**TASK INSTRUCTIONS**
Copy out the listing that follows, exactly, without its pictures.

**COLLECTED MATERIAL**
-- -- --

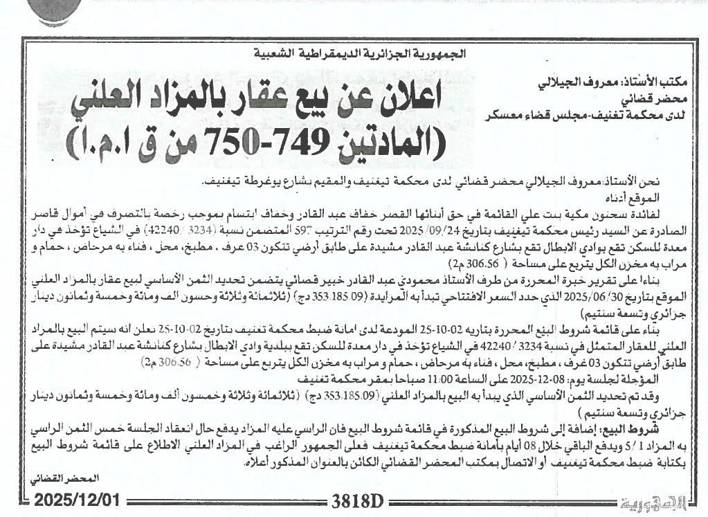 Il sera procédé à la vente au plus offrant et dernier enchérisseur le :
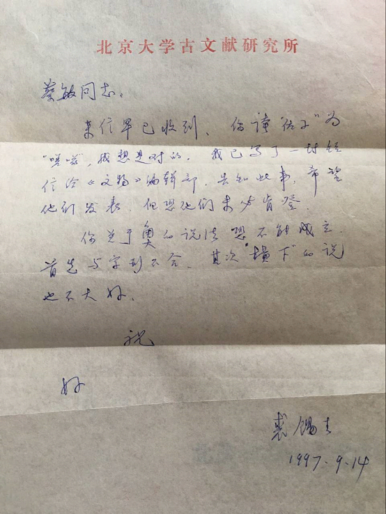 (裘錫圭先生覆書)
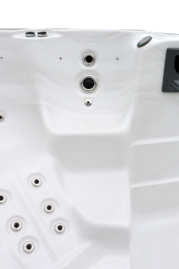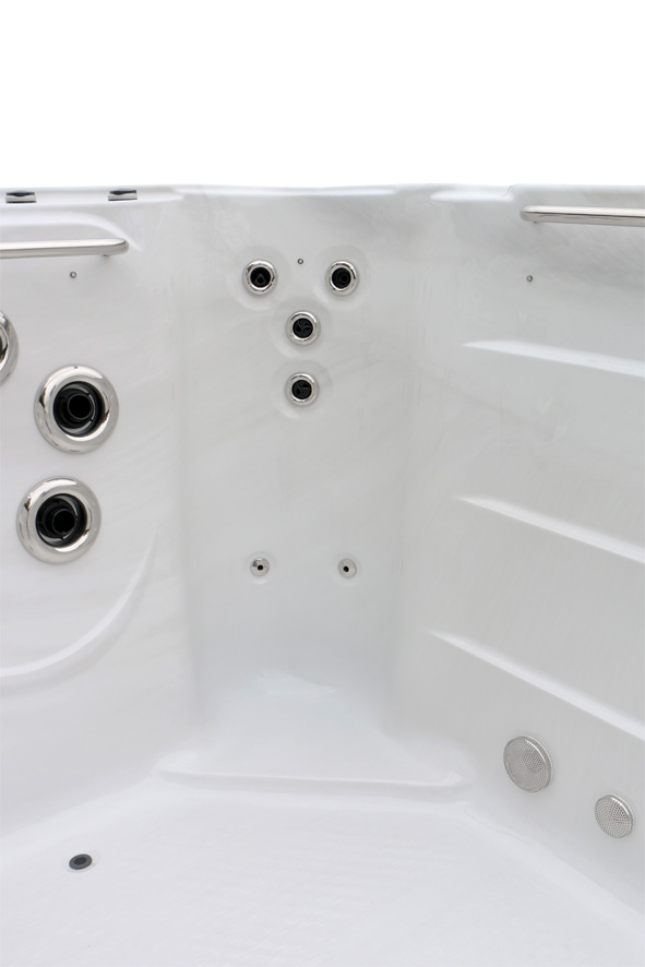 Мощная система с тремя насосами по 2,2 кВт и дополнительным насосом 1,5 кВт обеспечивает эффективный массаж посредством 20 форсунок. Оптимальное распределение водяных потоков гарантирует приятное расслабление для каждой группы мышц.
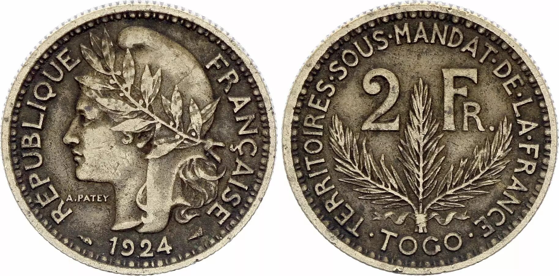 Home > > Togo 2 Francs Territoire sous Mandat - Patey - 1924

-- -- --

**ANSWER SPACE**
 Il sera procédé à la vente au plus offrant et dernier enchérisseur le :
 (裘錫圭先生覆書)
 Мощная система с тремя насосами по 2,2 кВт и дополнительным насосом 1,5 кВт обеспечивает эффективный массаж посредством 20 форсунок. Оптимальное распределение водяных потоков гарантирует приятное расслабление для каждой группы мышц.
 Home > > Togo 2 Francs Territoire sous Mandat - Patey - 1924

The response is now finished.